[Start of Attachment]

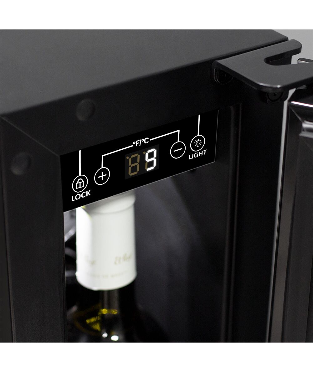 Компрессорный винный шкаф Meyvel MV9-KBT1, несмотря на небольшой размер, обладает большой вместимостью и дает возможность разместить до 9 бутылок. Располагаются они на держателях из массива бука. Внутреннее пространство шкафа поддерживает комфортную для вина температуру от +5.
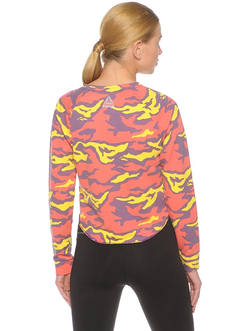 - Women's colorful sweatshirt. A cropped silhouette and loose fit provide maximum comfort during workouts. The composition of the model is a blended fabric based on polyester and viscose.
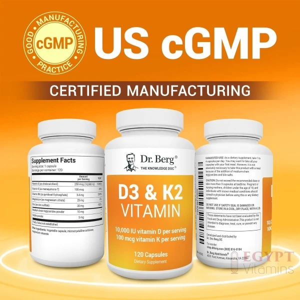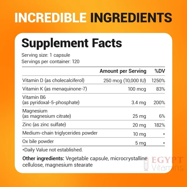 غذائي طبيعي متطور يجمع بين فيتامين D3 (10,000 وحدة دولية) وفيتامين K2
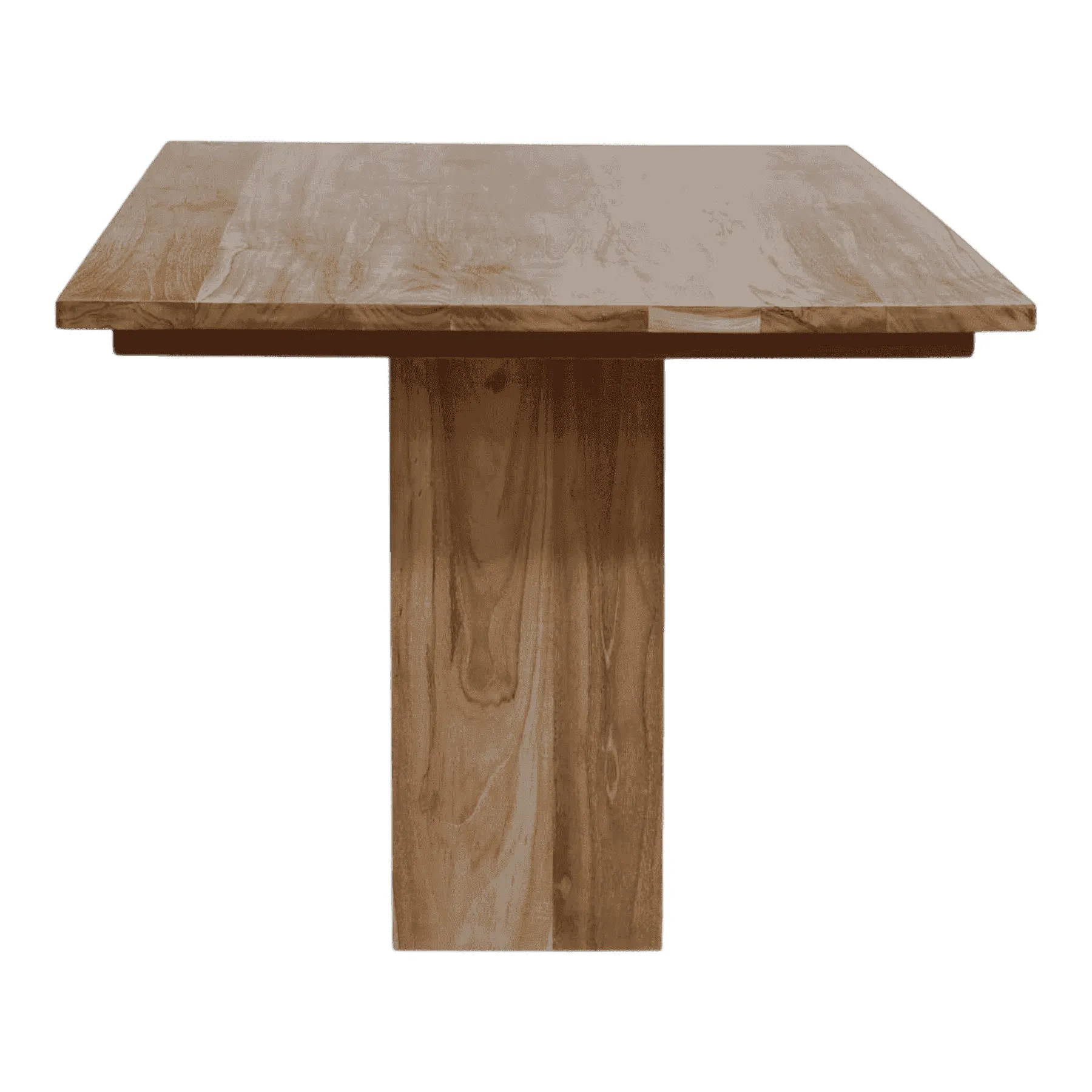 Gather around this powerful and minimalist dining table Its design is a statement of pure, rustic form, featuring a thick, solid teak top resting on two massive pedestal block legs The warm, medium-brown finish highlights the natural wood grain, creating a piece that is both modern and elemental This table is a substantial, timeless anchor for any dining room

[End of Attachment]

WHAT YOU HAVE TO DO -> Set the listing above down again exactly, leaving pictures out.

ANSWER TO THE EXERCISE ->
 Компрессорный винный шкаф Meyvel MV9-KBT1, несмотря на небольшой размер, обладает большой вместимостью и дает возможность разместить до 9 бутылок. Располагаются они на держателях из массива бука. Внутреннее пространство шкафа поддерживает комфортную для вина температуру от +5.
 - Women's colorful sweatshirt. A cropped silhouette and loose fit provide maximum comfort during workouts. The composition of the model is a blended fabric based on polyester and viscose.
 غذائي طبيعي متطور يجمع بين فيتامين D3 (10,000 وحدة دولية) وفيتامين K2
 Gather around this powerful and minimalist dining table Its design is a statement of pure, rustic form, featuring a thick, solid teak top resting on two massive pedestal block legs The warm, medium-brown finish highlights the natural wood grain, creating a piece that is both modern and elemental This table is a substantial, timeless anchor for any dining room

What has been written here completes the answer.